If you're familiar with server-side development frameworks like Express for Node.js, then you've probably already heard about middleware. In Express, middleware is used for intercepting and manipulating the request-response cycle, enriching the functionality of server-side applications.
Similarly, in Scrapy, middleware brings the versatility and customisability required for complex web scraping projects.
In essence, middleware offers you the ability to tailor and improve your spiders to fit different scraping scenarios, opening up opportunities for modifying requests, efficiently managing responses, and adding new functionalities to your spiders.
In the following sections, we'll distinguish between the two primary types of Scrapy middleware: spider middleware and downloader middleware. We'll explore the process of developing custom middleware and showcase the flexibility that it brings to Scrapy projects.
Run Scrapy spiders on Apify
Run, monitor, schedule, and scale your spiders in the cloud.
Middleware in Scrapy is a set of hooks and mechanisms that allow you to inject custom functionality or modify the default behavior of Scrapy components.
Essentially, middleware acts as an intermediary layer in the Scrapy architecture, influencing both the requests sent to and the responses received from a website.
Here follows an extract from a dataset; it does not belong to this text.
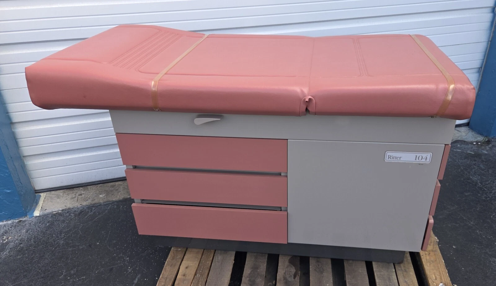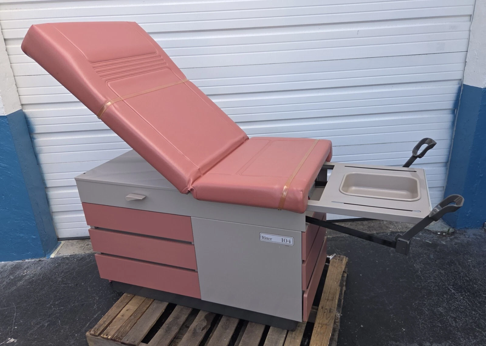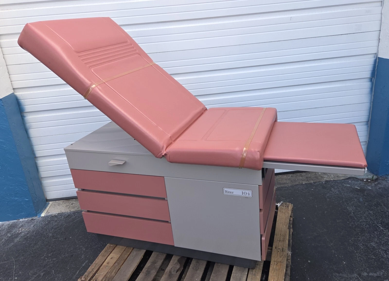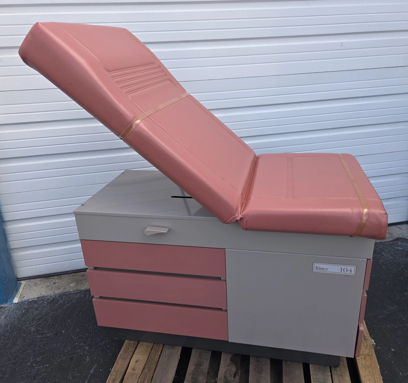 RITTER MODEL 104 MEDICAL/GYNECOLOGICAL EXAMINATION TABLE. This examination table is in excellent condition. Our Biomedical Engineering Department went over it from top to bottom and it is in 100% working order. This a sturdy, high quality examination table that was made here in the USA by a premier examination table manufacturer.

To illustrate that, take a look at the diagram below, which details the data flow within the Scrapy architecture:
Note that middleware components in Scrapy are executed sequentially, following a defined order. This sequence is important as it can affect how requests and responses are processed.
Based on the diagram, we can see that middleware plays a role in the data flow both between the engine and the spiders and between the engine and the downloader. Each piece of middleware can modify, drop, or pass the requests or responses to the next component in the chain, offering a high degree of control over the data flow in a Scrapy project.
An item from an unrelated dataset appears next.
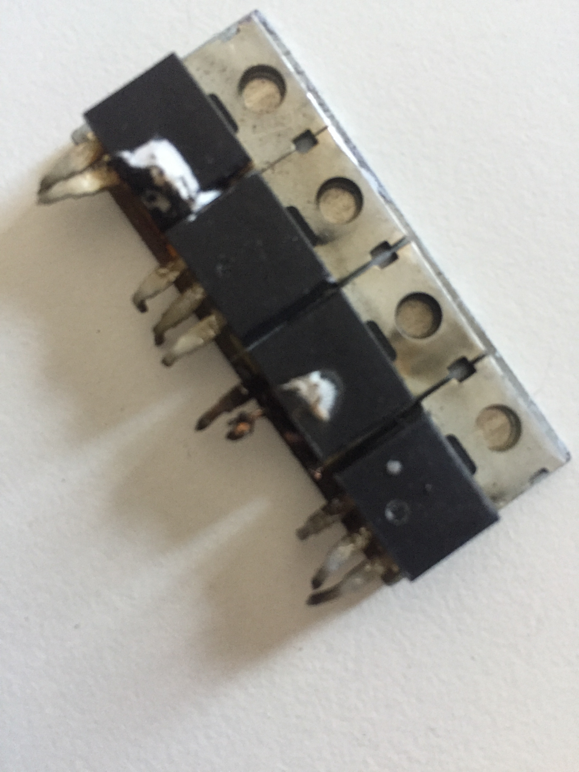 Rechts, der dritte FET von oben ist an den Pins geschmolzen und hat dann mit dem flüssigen Metall Kontakt zum Gate des Nachbarn hergestellt.

This brings us to the two distinct types of Scrapy middleware: spider middleware and downloader middleware.
Spider middleware vs. downloader middleware
1. Spider middleware
Purpose: Spider middleware is used to process the responses received from web requests and the requests generated from spiders.
Functionality: It allows for the manipulation of responses and requests before they reach the spider or after they are generated by the spider. For example, you could use spider middleware to filter out responses based on certain criteria or to add additional metadata to requests.
2. Downloader middleware
Purpose: This type of middleware is involved in processing requests before they are sent to the server and responses after they are received from the server but before they are processed by the spider.
Functionality: Downloader middleware is ideal for tasks like setting request headers, handling retries, managing cookies, or even handling redirects in a custom way.
Having established a basic understanding of middleware's role in the Scrapy architecture, we'll next see how to develop and implement custom spider and downloader middleware to enhance the capabilities of Scrapy spiders.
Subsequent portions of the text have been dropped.